Diffuse 5: This fiasco has been pushed out all over the news. When was the exact moment you found out about it and what was your reaction?
Renee Gannon: I was contacted by one of Lesbiatopia’s former writers who shared with me the article on the Washington Post that broke the story that “Paula Brooks” was actually Bill Graber. My initial reaction was of shock, and then of course, I had a million questions running through my head. I began Googling the story which lead me to the discovery that Paula/Bill was directly related to the Gay Girl in Damascus hoax, which I had briefly read about in the news just days before.
D5: Graber said that he faked his identity in order to be taken seriously within the world of lesbian media. Clearly that didn’t work in the end. What do you think he should have done if he wanted to be a true ally?
RG: I have always loved the saying, “The truth will set you free” and I truly believe it. If Graber had just been himself from the beginning, all of this could’ve been avoided. Unfortunately, through his deceit, he hurt a lot of people in the process. If he really wanted to showcase lesbian rights, he could’ve started a blog as a straight man in support of these rights. Would he have been taken seriously? I think, with the right approach and the right amount of credibility, the lesbian community would’ve listened with open ears if his intentions were truly in the right place.
D5: How do you think the lesbian community should react to this? Is the current reaction what you expected?

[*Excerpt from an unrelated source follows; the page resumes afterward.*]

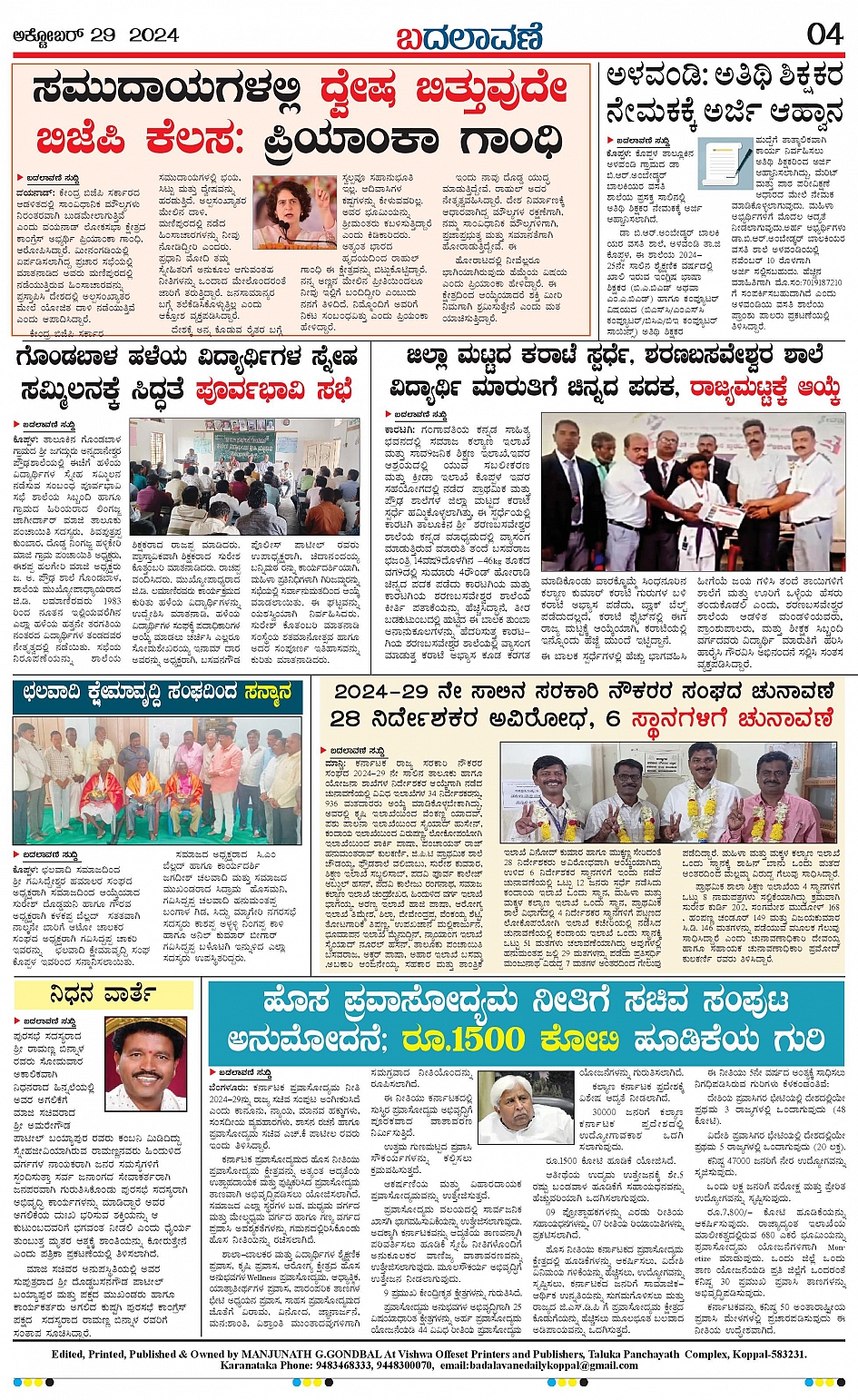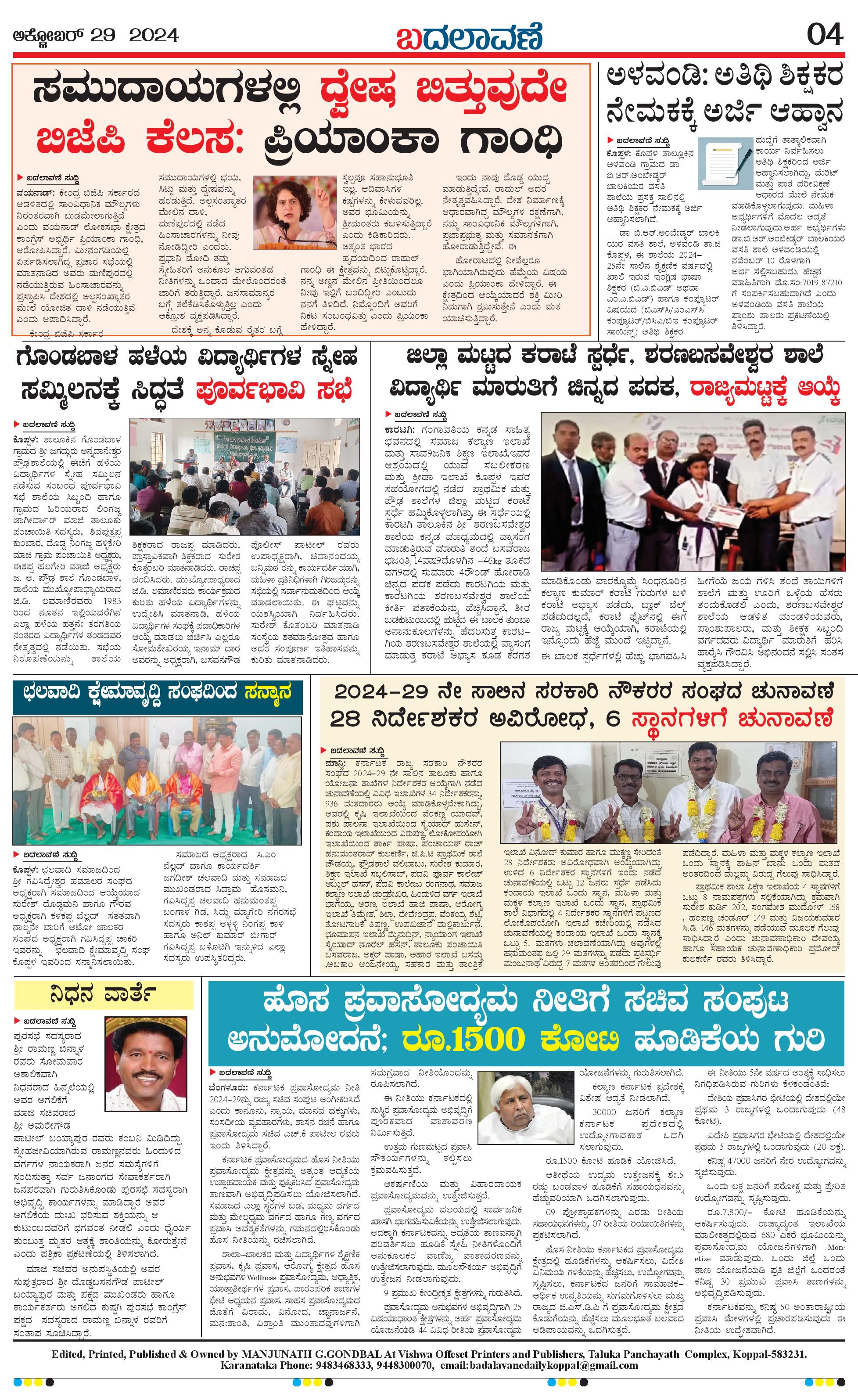 ಬದಲಾವಣೆ 29 October 2024 Page: 4 October 29, 2024 << First << 4 >> Last >> Page 1Page 2Page 3Page 4 × ಬದಲಾವಣೆ 29 October 2024 page-1page-2page-3page-4 << First << 4 >> Last >> page-1page-2page-3page-4 page-4

RG: Well, the women who had, over the years, worked with “Paula” in some capacity or another were obviously upset and greatly disappointed. I think the lesbian community should react with a sense of vigilence, first and foremost, especially those of us who engage in online networking on the regular. For me, personally, the reaction was a mixture of anger and sadness. I was angry at being lied to and deceived for years, but also sad for Graber because he clearly needs help.